Why the standard defines borrowed_subrange_t as common_range?

Question

C++20 introduced the ranges::borrowed_range, which defines requirements of a range such that a function can take it by value and return iterators obtained from it without danger of dangling. In short (which refer to P2017R1):

A range is a borrowed_range when you can hold onto its iterators after the range goes out of scope.

At the same time, an type helper borrowed_subrange_t have also been introduced:

template<ranges::range R>
using borrowed_subrange_t = std::conditional_t<
    ranges::borrowed_range<R>,
    ranges::subrange<ranges::iterator_t<R>>, 
    ranges::dangling
>;

which is an alias template that is used by some constrained algorithms such as ranges::unique and ranges::find_end to avoid returning potentially dangling iterators or views.

When type R models borrowed_range, the borrowed_subrange_t of R is basically a subrange<ranges::iterator_t<R>>, which means it also a ranges::common_range, since it only takes one template argument and the second defaults to be the same type as the first one.

But there seems to be some misleading, since there are some subrange types that can be borrowed but still a not common_range, consider the following code:

auto r = views::iota(0);
auto s1 = ranges::subrange{r.begin(),     r.begin() + 5};
auto s2 = ranges::subrange{r.begin() + 5, r.end()};

I create two subranges from a borrowed_range ranges::iota_view, one contains the first 5 elements, and the other contains all the elements of itoa_view starting from the fifth element. They are subranges of itoa_view, and they are obviously, borrowed:

static_assert(ranges::borrowed_range<decltype(s1)>);
static_assert(ranges::borrowed_range<decltype(s2)>);

So to some extent, both of their types can be regarded as the borrowed_subrange_t of the itoa_view type, but according to the definition, only the type of s1 is borrowed_subrange_t of the type r, which also means that the following code is ill-formed since the iota_view r is not an common_range:

auto bsr = ranges::borrowed_subrange_t<decltype(r)>{r}; // ill-formed

Why does the standard need to ensure that borrowed_subrange_t of some range R is a common_range, that is, the return type of begin() and end() are the same? What is the reason behind this? Why not define it more generally like:

template <ranges::range R>
using borrowed_subrange_t = std::conditional_t<
    ranges::borrowed_range<R>,
    ranges::subrange<
      ranges::iterator_t<R>, 
      std::common_iterator<
        ranges::iterator_t<R>,
        ranges::sentinel_t<R>
      >
    >,
    ranges::dangling
>;

Will there be any potential defects and dangers in doing so?

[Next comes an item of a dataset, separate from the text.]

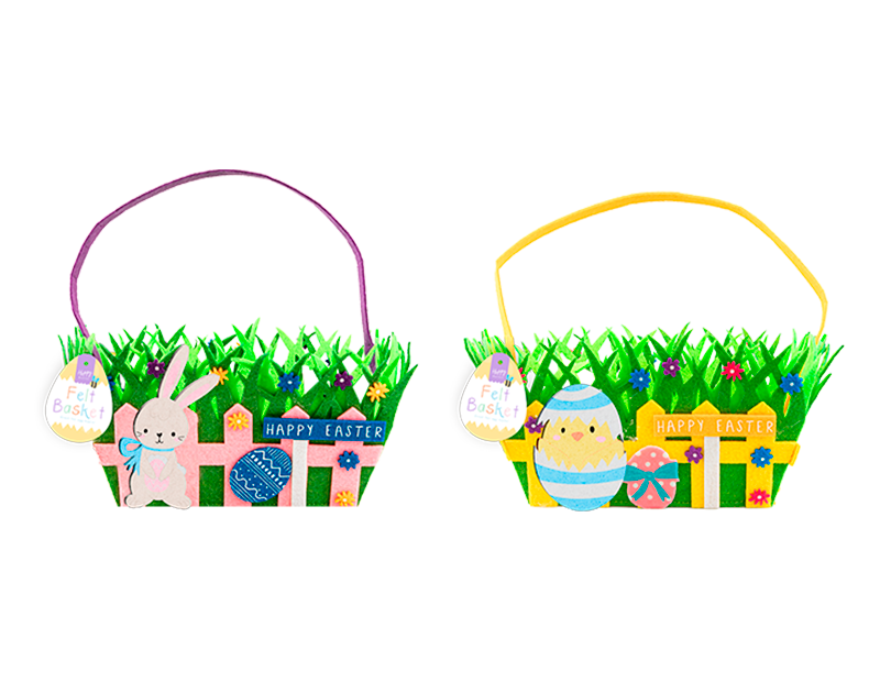 Each basket has a 100% felt construction and is designed to look like an easter meadow featuring grass, flowers, fences and egg hunt signs, with a fun Easter character.

Barry · Accepted Answer · 2021-03-26T15:42:37.113

To quote Alexander Stepanov, in "From Mathematics to Generic Programming":

When writing code, it’s often the case that you end up computing a value that the calling function doesn’t currently need. Later, however, this value may be important when the code is called in a different situation. In this situation, you should obey the law of useful return: A procedure should return all the potentially useful information it computed.

borrowed_subrange is used in algorithms that will necessarily traverse that entire subrange. So we necessarily compute the end iterator of this range as a side-effect of performing the rest of the algorithm. This is useful to the user, so we should return it!

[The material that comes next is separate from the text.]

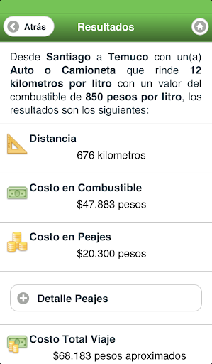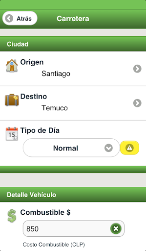 Aplicación que permite determinar los costos involucrados en un trayecto a realizar por tierra dentro de Chile, mostrando un mapa con el trayecto que incluyen los servicentros en el camino y las picadas.

For several of these algorithms, it's not actually even possible to return a sentinel. For instance, ranges::search has to return a subrange that matches - but that subrange need not be at the very end of the initial range, so returning the original sentinel simply isn't an option.

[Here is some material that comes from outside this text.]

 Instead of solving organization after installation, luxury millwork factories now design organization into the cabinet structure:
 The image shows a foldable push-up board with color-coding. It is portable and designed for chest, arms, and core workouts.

For other algorithms, it might be an option to return a sentinel, but it's a bad one. Consider unique. There are basically three choices here:

Return just the iterator (I) denoting the start of this range (as std::unique does)
Return subrange<I, S> denoting the full range (i.e. just passing through the provided last)
Return subrange<I> denoting the full range, including the computed I referring to last.

But we're already doing the work to be able to do (3), so that's strictly more valuable. There is no reason to do (2).

Consider a less abstract case where we actually have a sentinel. Let's say, we have a null-terminated string:

struct null_terminated_string {
    char const* p;

    struct sentinel {
        auto operator==(char const* p) const { return *p == '\0'; }
    };

    auto begin() const -> char const* { return p; }
    auto end() const -> sentinel { return {}; }
};

Now, what would be a more useful return from unique: one which just gives you back this null_terminated_string::sentinel type or one which gives you back a char const* which points to the null terminator? The latter gives you far more useful information (including, for instance, the size!).

Lastly, this:

template <ranges::range R>
using borrowed_subrange_t = std::conditional_t<
    ranges::borrowed_range<R>,
    ranges::subrange<
      ranges::iterator_t<R>, 
      std::common_iterator<
        ranges::iterator_t<R>,
        ranges::sentinel_t<R>
      >
    >,
    ranges::dangling
>;

Doesn't make sense, since common_iterator<iterator_t<R>, sentinel_t<R>> is not a sentinel for iterator_t<R>. It would be this:

template <ranges::range R>
using borrowed_subrange_t = std::conditional_t<
    ranges::borrowed_range<R>,
    ranges::subrange<ranges::iterator_t<R>, ranges::sentinel_t<R>>,
    ranges::dangling
>;

And that could make sense. Consider ranges::find. Right now, it simply returns an iterator_t<R> (or, more accurately, either an iterator_t<R> or dangling). But a different design of ranges::find could do something different: it could return a subrange starting from that iterator and including the whole rest of the range (arguably this would be more useful). If we wanted to do that for ranges::find, we would definitely want to return a subrange<iterator_t<R>, sentinel_t<R>>. In this case, we haven't traversed the whole range and we don't want to pay the extra cost of doing so; we would simply forward through the sentinel.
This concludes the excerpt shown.